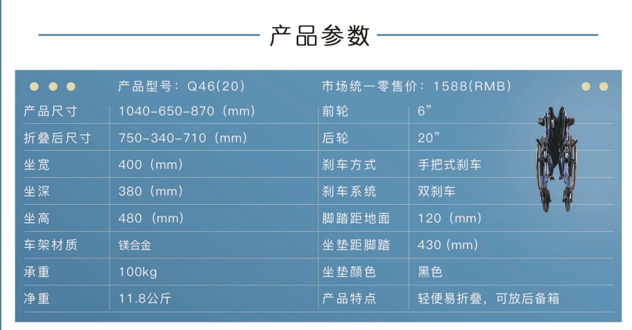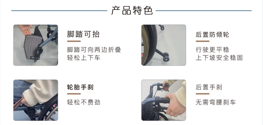 1、鎂合金大輪手推輪椅,推行超輕松,凈重11公斤 2、左右對折腳踏,可上翻,方便上下車 3、可自劃,可推行 4、前后雙剎車,安全穩定 5、加長防傾輪,有效防止傾倒
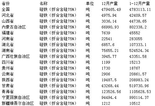 中商情报网监测数据显示:2012年1-12月,全国硅铁(折合含硅75%)的产量达478.3万吨,同比下降2.28%。2012年12月份,我国生产硅铁47.94万吨,同比增长43.89%。
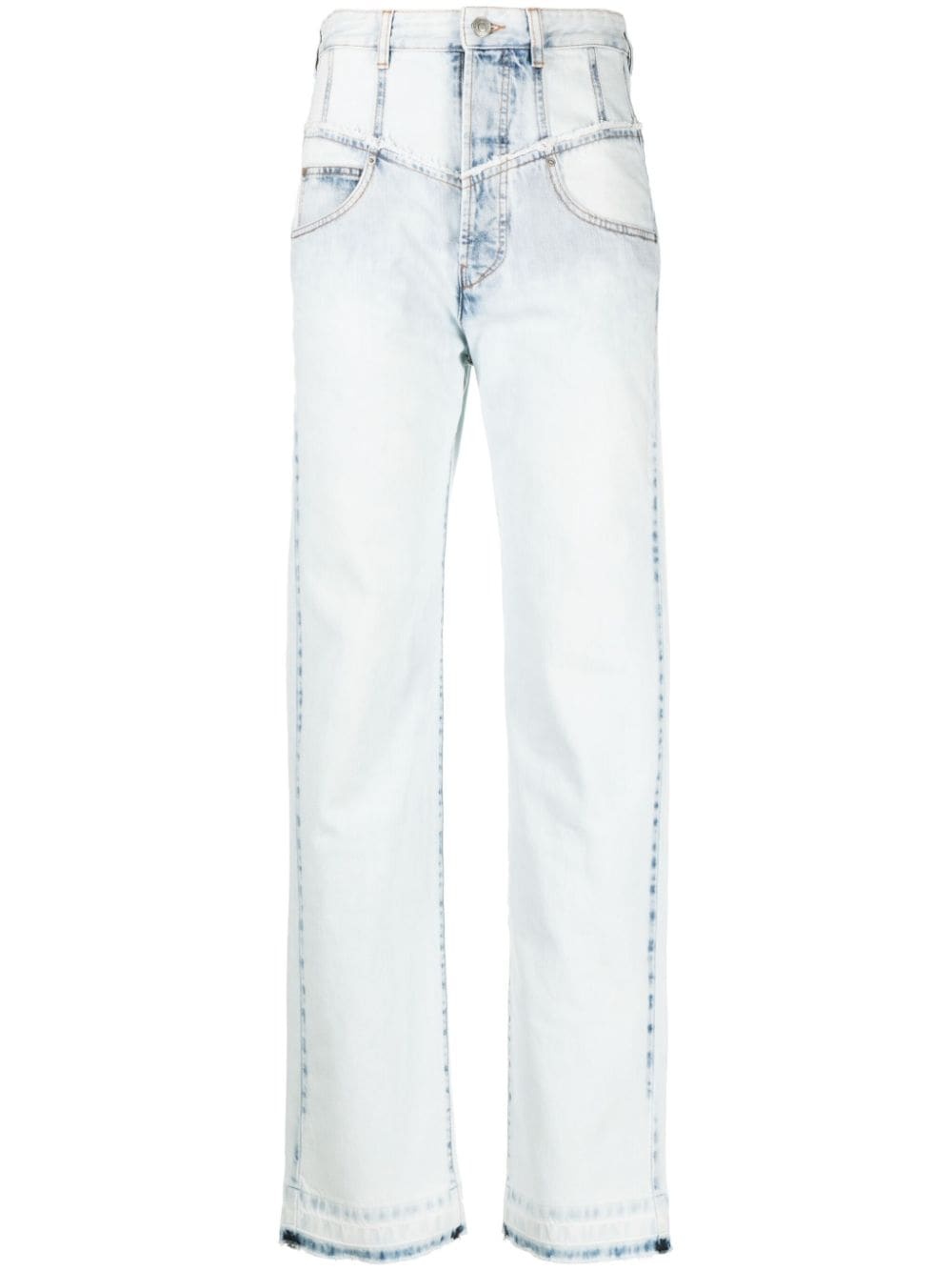 Noemie high-rise straight-leg jeans Highlights - Light blue - Cotton - Denim - Bleach wash - Frayed brim - Logo patch to the rear - High-waisted - Belt loops - Front button fastening - Classic five pockets - Straight leg Made in Italy Composition Cotton 100% Lining: Polyester 65%, Cotton 35% SIZE & FIT Model measurements Height 5 ft 10 in(1.79 m) Bust/Chest 31.49 in(80 cm) Hips 35.03 in(89 cm) Waist 23.62 in(60 cm) FittingInformation Designed for a straight-leg fit, these jeans allow for a close fit at the waist and an unrestricted and comfortable fit over the leg Sturdy and hard-wearing, this denim piece offers no stretch This piece fits true to size – take your usual size Washing instructions Machine Wash
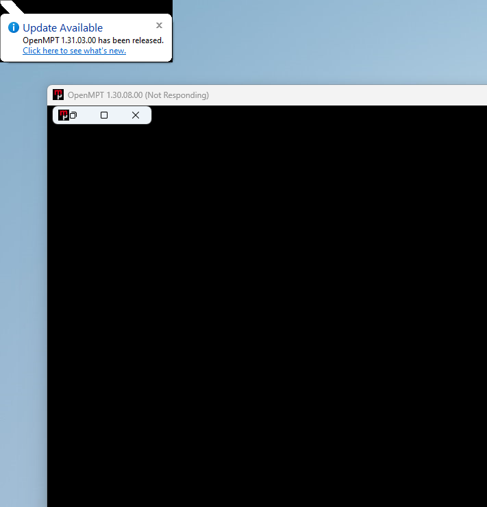 As soon as there is an update to OpenMPT, the "text balloon" stating this will be on top of the left most screen and the client is unresponsive.
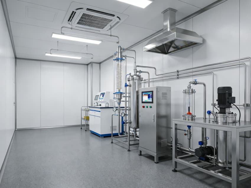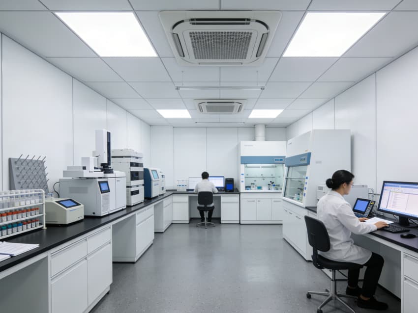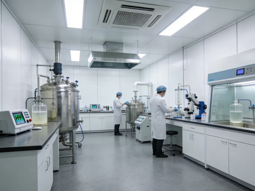 白色墻面采用食品級潔凈抗菌涂層,推行無縫拼接工藝,陰陽角圓弧倒角設計消除清潔死角,潔凈度可達Class 7級標準。車間科學劃分抗體表達區、偶聯反應區、純化區等功能區域,各區域配備獨立層流凈化與負壓防護系統,偶聯區預留精密溫控與惰性氣體接口,純化區設置無菌物料傳遞窗口,全方位規避交叉污染,保障研發生產的安全性與合規性。
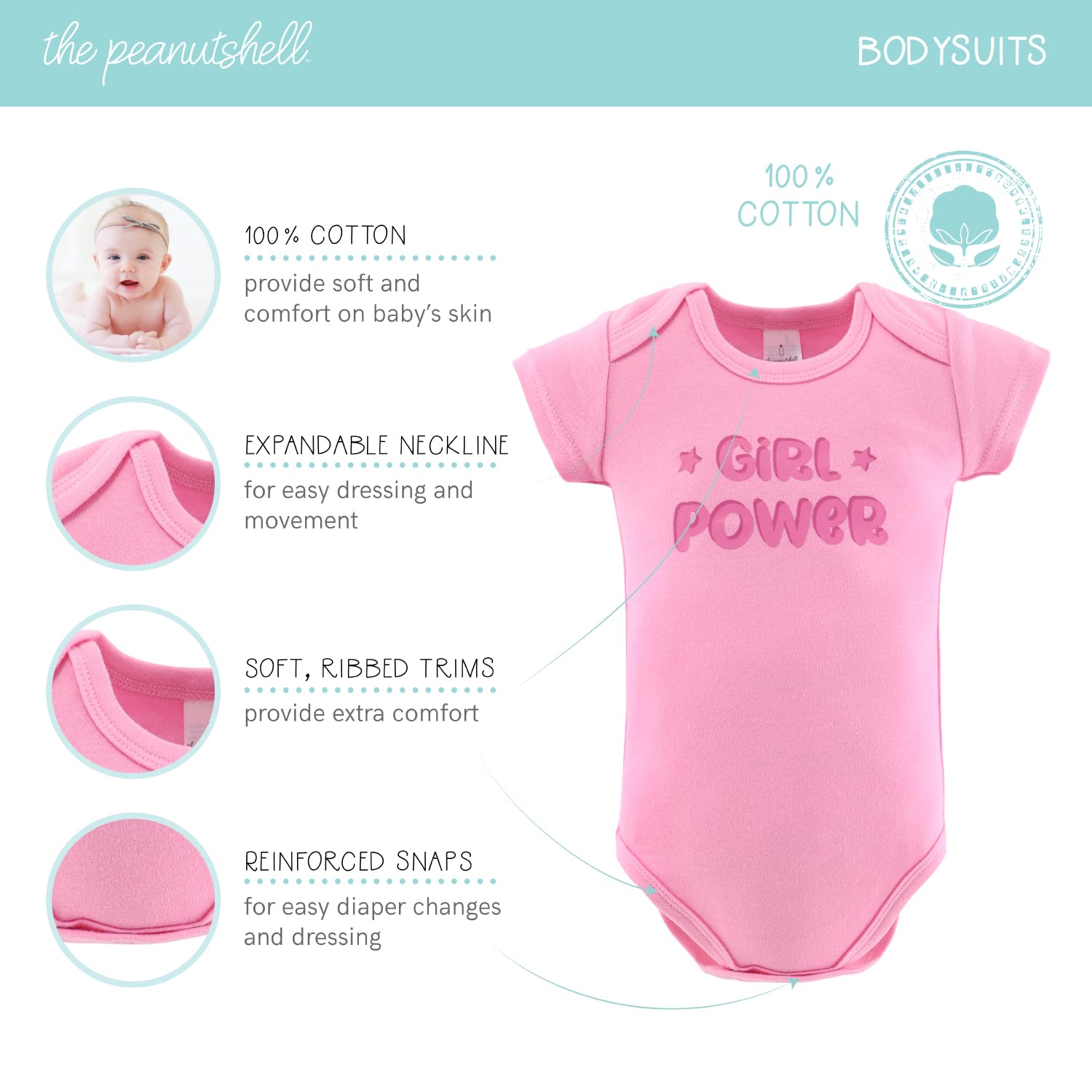 Details: Give a thoughtfully curated gift with The Pretty Pink 16 Piece Baby Layette set from The Peanutshell. This flower power themed bundle includes all essential outfit accessories for your newborn girl. Our assortment includes 3 short sleeved bodysuits, 3 headbands, 3 pairs of pants, 3 pairs of scratch mittens, 3 pairs of socks, and a sleep gown. Mix and match the vivid fuchsia, pink, and white pieces with the bold floral print to create various layered looks. This set of must haves makes the perfect baby shower gift.

* _TASK TO COMPLETE_: Write the lines from the one with "As soon as there" through the last line of the entries out again exactly, both ends included, and skip the pictures.

* _EXERCISE SOLUTION_:
 As soon as there is an update to OpenMPT, the "text balloon" stating this will be on top of the left most screen and the client is unresponsive.
 白色墻面采用食品級潔凈抗菌涂層,推行無縫拼接工藝,陰陽角圓弧倒角設計消除清潔死角,潔凈度可達Class 7級標準。車間科學劃分抗體表達區、偶聯反應區、純化區等功能區域,各區域配備獨立層流凈化與負壓防護系統,偶聯區預留精密溫控與惰性氣體接口,純化區設置無菌物料傳遞窗口,全方位規避交叉污染,保障研發生產的安全性與合規性。
 Details: Give a thoughtfully curated gift with The Pretty Pink 16 Piece Baby Layette set from The Peanutshell. This flower power themed bundle includes all essential outfit accessories for your newborn girl. Our assortment includes 3 short sleeved bodysuits, 3 headbands, 3 pairs of pants, 3 pairs of scratch mittens, 3 pairs of socks, and a sleep gown. Mix and match the vivid fuchsia, pink, and white pieces with the bold floral print to create various layered looks. This set of must haves makes the perfect baby shower gift.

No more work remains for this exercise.